Say prit le risque. Il engagea sa fortune dans l'aménagement d'un port, la construction de bâtiments, la création de pépinières et le drainage du marécage. Les pouvoirs publics suivirent, ils aménagèrent des routes carrossables et installèrent les administrations nécessaires, Douanes, Ecole, Postes et Télégraphe. En neuf ans la ville naissante comptait neuf fonctionnaires, vingt-quatre commerçants et trois cents habitants. Soixante maisons, docks, magasins ou ateliers étaient construits ainsi qu'un bain maure et une briqueterie. Le port possédait cinq cents mètres de jetées.

En six ans, 200 000 quintaux de céréales y avaient été embarqués, représentant deux millions de francs. Dans la seule année 1906 le port avait vu 146 navires faire escale.

A la mort de sa mère, devenu l'unique héritier, Say est à la tête d'une fortune considérable. Celle-ci est systématiquement mise à profit pour le développement de Port-Say, mais ne suffit cependant pas à combler les espérances de son fondateur.

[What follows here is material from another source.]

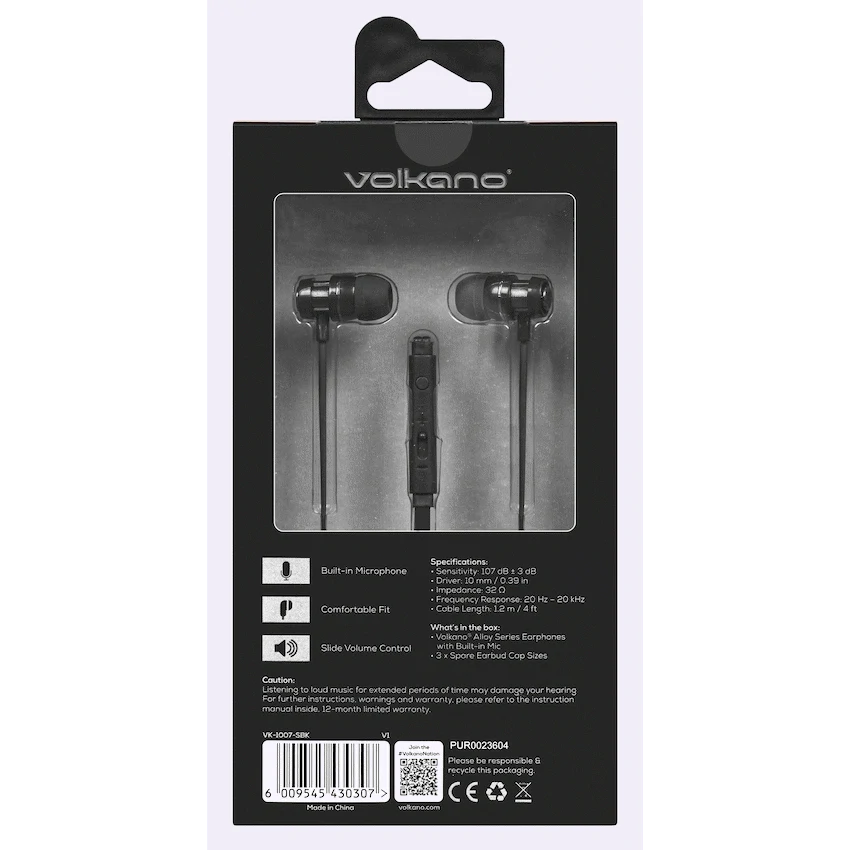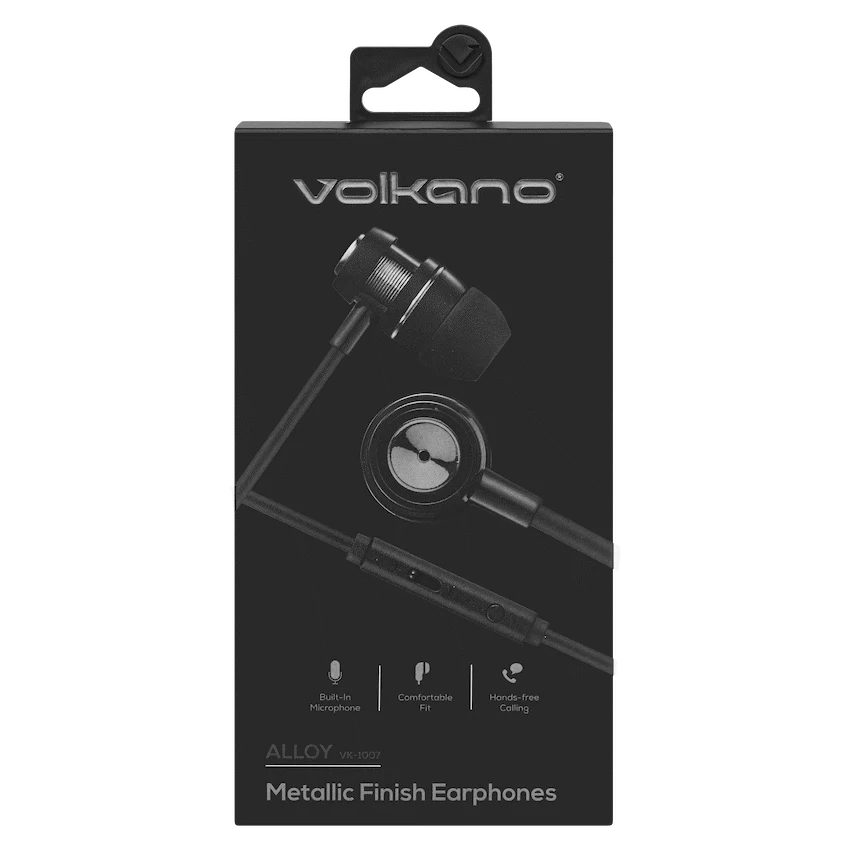 Volkano Alloy Series Earphones, with Mic – Solid Black

La guerre de 1914-18 bloque toute évolution dans ce sens.

Le 3 octobre 1915, Louis Say meurt brusquement, âgé de soixante-trois ans. Son œuvre, mal assurée encore, ne lui survivra pas. Port-Say périclite, les maisons s'abîment, la voirie se perd ... En 1935 fut constituée la société anonyme de la station balnéaire de Port-Say. Celle-ci sera inaugurée après la guerre, en 1953.

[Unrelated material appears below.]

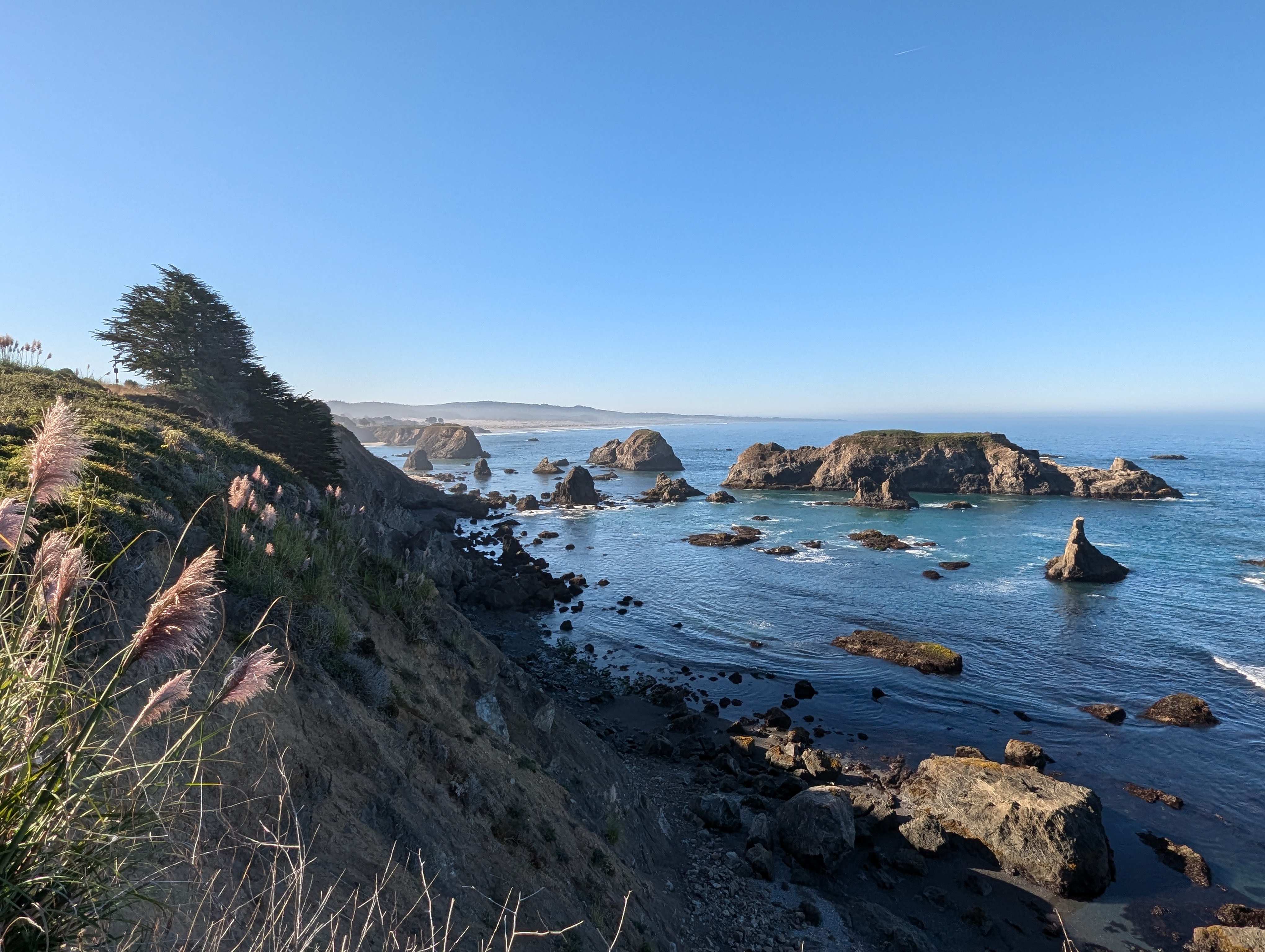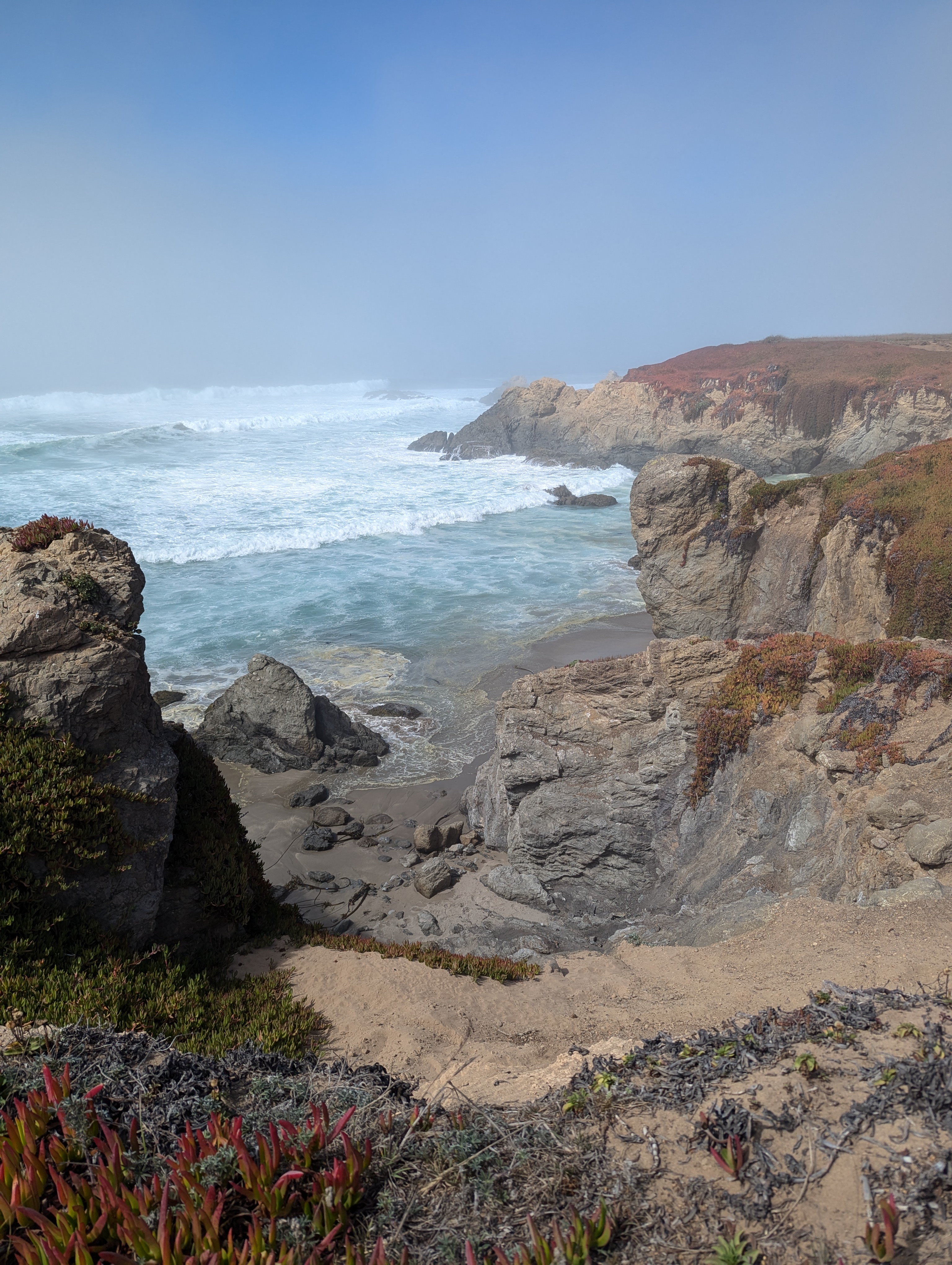 Each day the temperature was in the mid 60’s. Even though the wind would pick up now and again we rarely wore more than a long sleeve shirt and windbreaker. After lunch we would go for a walk along one of the many trails that follow the coast. We could see the fog in the distance but as as we walked it began to catch up to us and swirled around us. We could see the ocean close up but it was a gray fog in the distance. Even with the fog it’s quite beautiful.

Le gouvernement français avait su néanmoins récompenser les efforts de Louis Say pour les services rendus à la colonisation, et, par conséquent à la France, en lui conférant les insignes de Chevalier de la Légion d'Honneur le 14 juillet 1908.

Odette Goinard et Luc Tricou

 

Bibliographie

 

* L'Afrique du Nord Illustrée du 20 mars 1909

* Francis Llabador. Port-Say et son fondateur Louis Jean-Baptiste Say. Oran 1955

* Joseph Valynseele. Hommes et Destins. Tome VII Maghreb, Louis Say 1986.